Beginning June 1, 2006 we will have a DVD giveaway for members with a minimum of 10 posts. We will give away one (1) new DVD on the 1st day of each month for seven (7) months straight, thru December 1, 2006. Your choice of any DVD up to a maximum cost of $25.00US (includes fees and shipping). If you find two DVD's for under $25.00US, then we'll buy you two. Each month we will automatically enter every member that has a minimum of 10 posts. One winner will be randomly selected on the 1st of the following month. The member will be notified by email and the members name posted as the winner in the Announcements forum.



Members post padding will be disqualified.
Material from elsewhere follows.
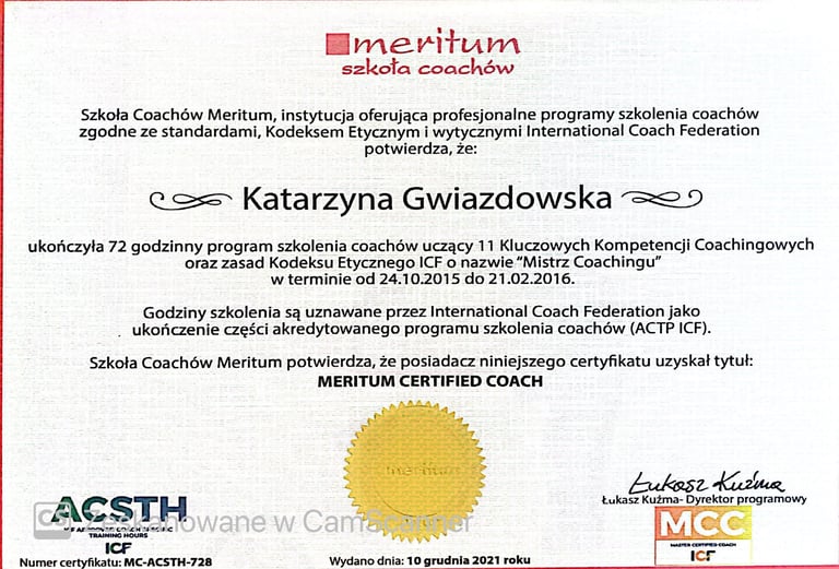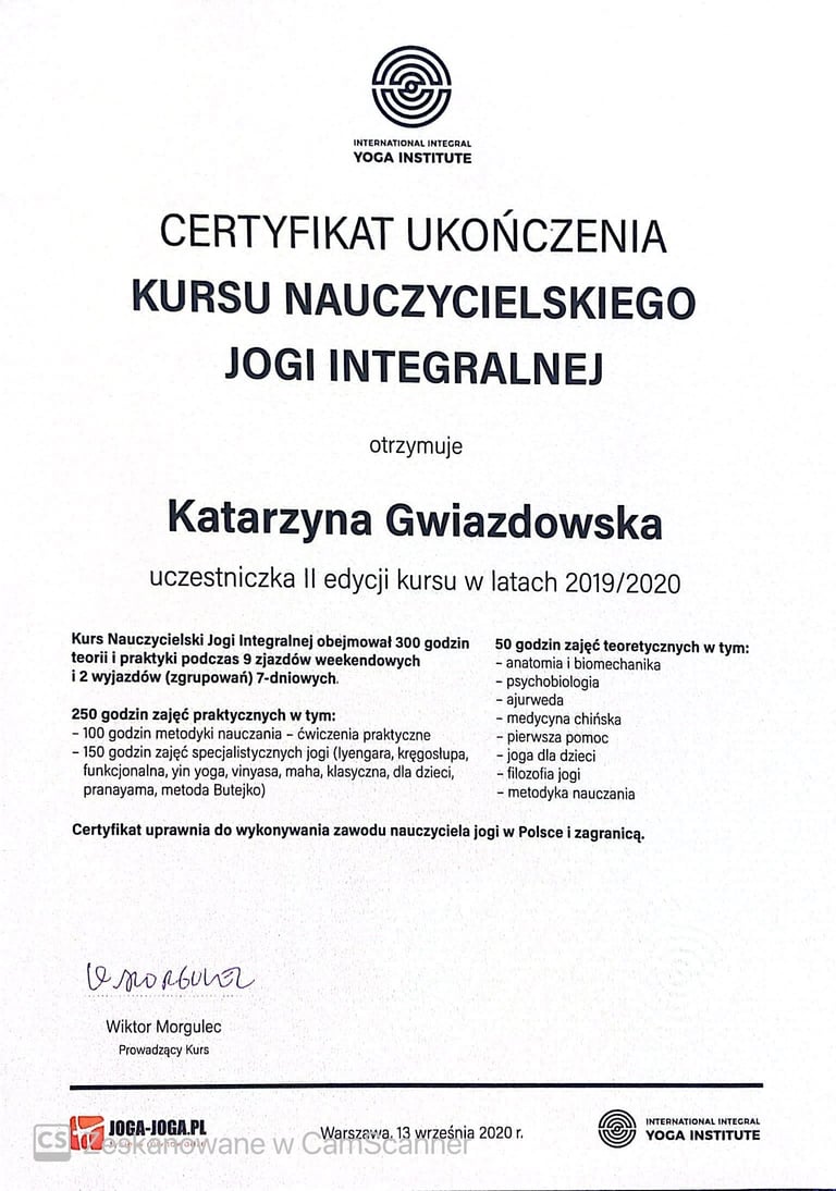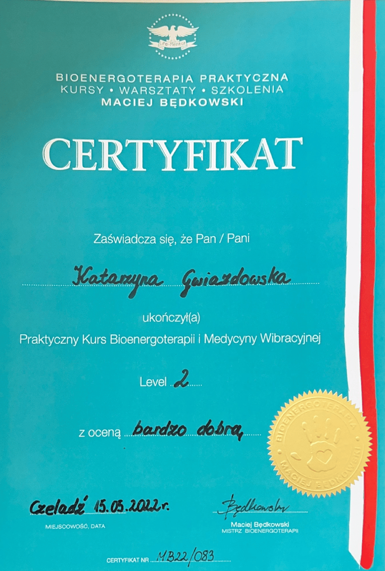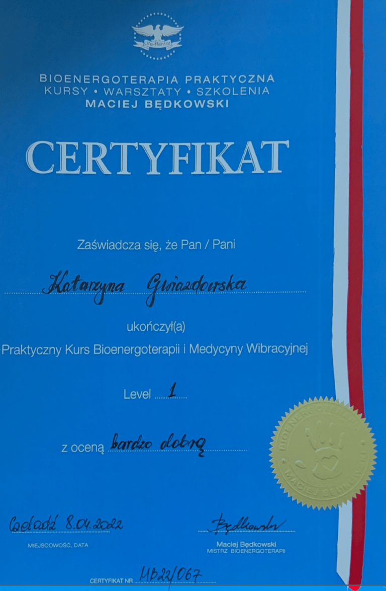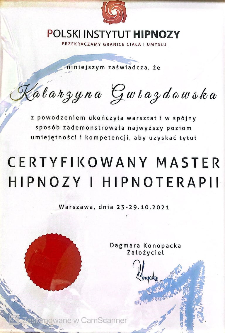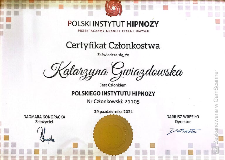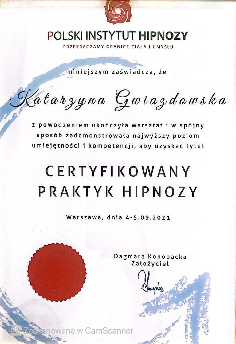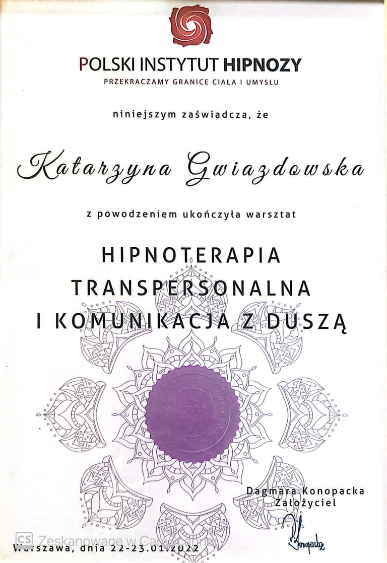 Ukończyłam certyfikację Praktyka Hipnozy, Mastera Hipnoterapii oraz Hipnoterapię Transpersonalną i komunikację z Duszą. Jestem Członkiem Polskiego Instytutu Hipnoterapii o numerze 21105. Reprezentuję podejście transpersonalne do hipnoterapii, która traktuje Człowieka jako Istotę Wielowymiarową. Z wielką pasją zgłębiam się jeszcze bardziej w tą formę hipnoterapii i komunikację z duszą.

Posting 10 quality posts is extremely easy!


The staff of the Shack will not be permitted to win.


Only one win per member during the seven months of giveaways.

This is simply one way of showing our appreciation for your participation at the Shack!

All members with 10 posts as of the end of each month will be entered into the giveaway on the 1st of the following month.

The DVD will be ordered from a vendor and sent directly to you. Winning member will be responsible for choosing an Internet vendor which we can place the order with. Simply find your favorite vendor and let us know what you want and we will place the order.

You will be required to furnish us with a valid address to have the DVD shipped to you. We will not be responsible for any extra border fees, taxes, etc., that may be imposed on you. The maximum we will be responsible for is $25.00US.

Good luck!


----------